◆ **PROBLEM DESCRIPTION**: Your task is to copy the stretch of lines in the records below that begins with the line containing "- написал он." and ends with the line containing "①串聯R、C電路。如圖8.4", exactly as written, with nothing added.

◆ **DATA**:
▬▬▬▬▬▬
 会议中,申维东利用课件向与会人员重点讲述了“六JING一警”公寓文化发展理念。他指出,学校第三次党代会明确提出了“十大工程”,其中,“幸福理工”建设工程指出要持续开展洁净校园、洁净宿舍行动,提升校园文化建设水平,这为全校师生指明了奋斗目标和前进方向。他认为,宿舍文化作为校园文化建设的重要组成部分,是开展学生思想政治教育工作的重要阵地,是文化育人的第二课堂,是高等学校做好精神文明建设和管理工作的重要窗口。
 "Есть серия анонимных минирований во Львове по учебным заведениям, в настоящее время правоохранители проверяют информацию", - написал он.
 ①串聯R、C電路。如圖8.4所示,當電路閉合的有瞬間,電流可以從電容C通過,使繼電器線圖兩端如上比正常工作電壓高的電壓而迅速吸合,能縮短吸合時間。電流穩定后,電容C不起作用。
▬▬▬▬▬▬
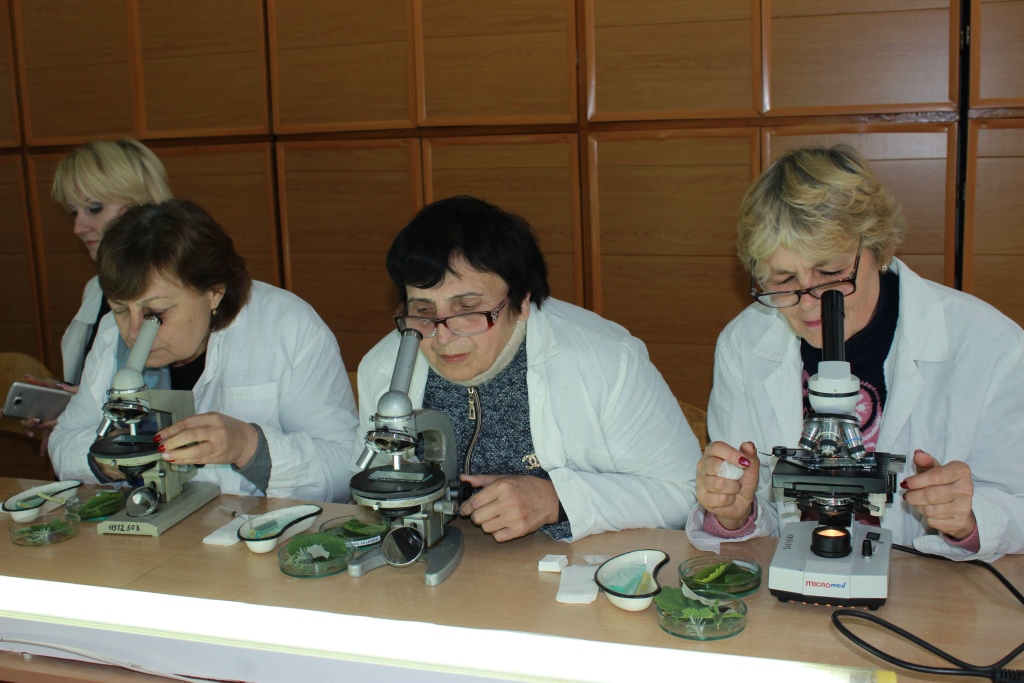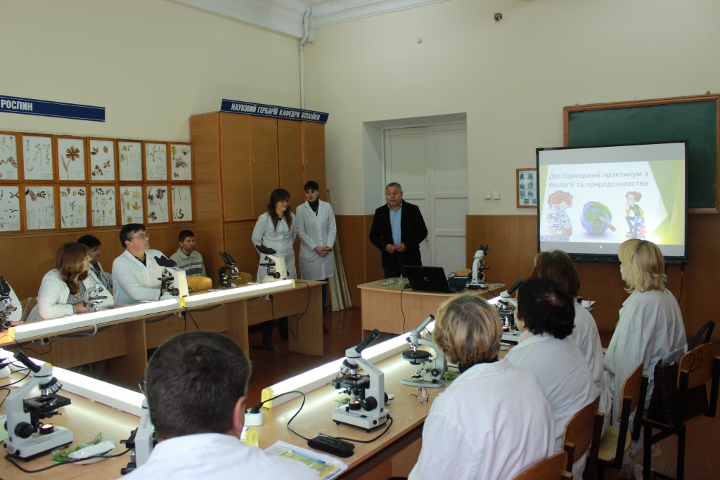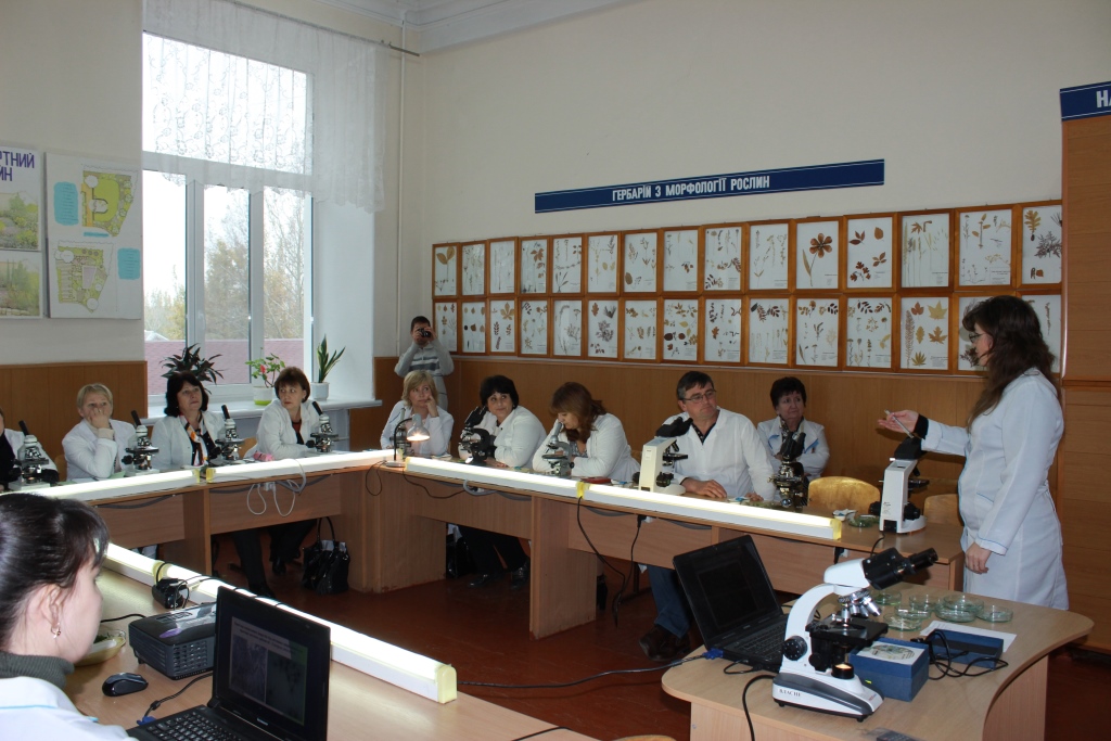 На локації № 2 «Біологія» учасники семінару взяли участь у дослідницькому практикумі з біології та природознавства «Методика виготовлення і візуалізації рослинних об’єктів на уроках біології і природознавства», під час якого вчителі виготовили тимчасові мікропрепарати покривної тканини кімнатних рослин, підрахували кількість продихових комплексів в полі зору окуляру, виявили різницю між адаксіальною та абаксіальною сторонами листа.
▬▬▬▬▬▬
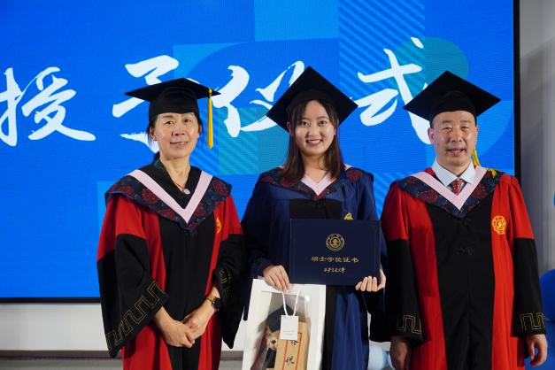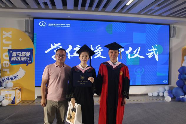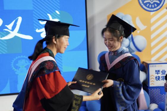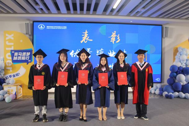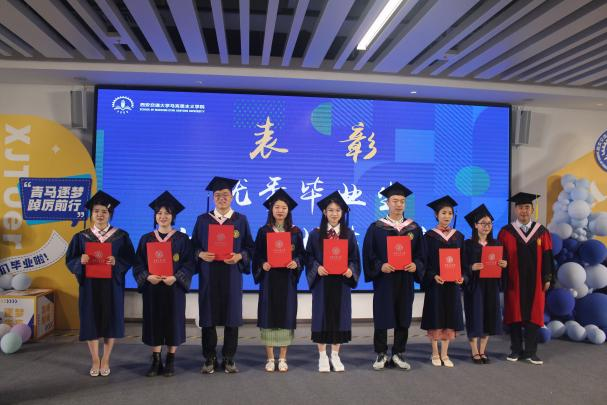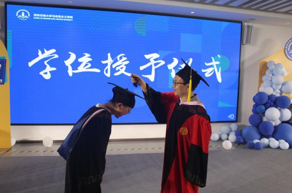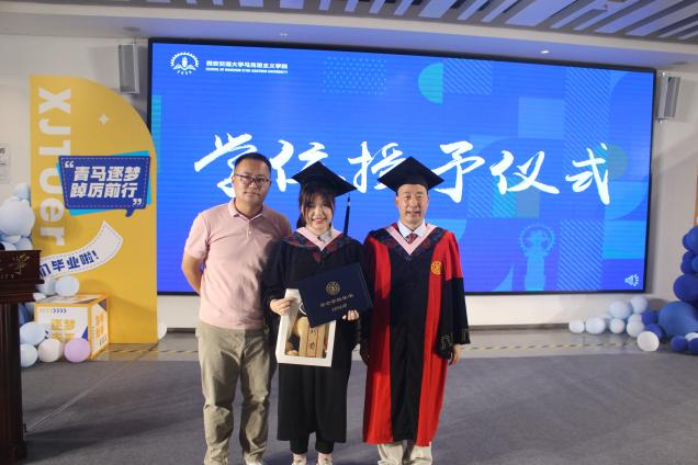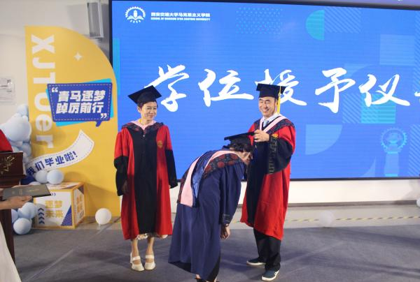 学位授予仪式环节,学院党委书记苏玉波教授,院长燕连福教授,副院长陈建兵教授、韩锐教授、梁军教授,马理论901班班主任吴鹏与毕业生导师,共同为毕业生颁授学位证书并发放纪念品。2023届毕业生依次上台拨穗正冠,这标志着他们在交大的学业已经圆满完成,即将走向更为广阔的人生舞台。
▬▬▬▬▬▬
◆ **WRITTEN SOLUTION**:
 "Есть серия анонимных минирований во Львове по учебным заведениям, в настоящее время правоохранители проверяют информацию", - написал он.
 ①串聯R、C電路。如圖8.4所示,當電路閉合的有瞬間,電流可以從電容C通過,使繼電器線圖兩端如上比正常工作電壓高的電壓而迅速吸合,能縮短吸合時間。電流穩定后,電容C不起作用。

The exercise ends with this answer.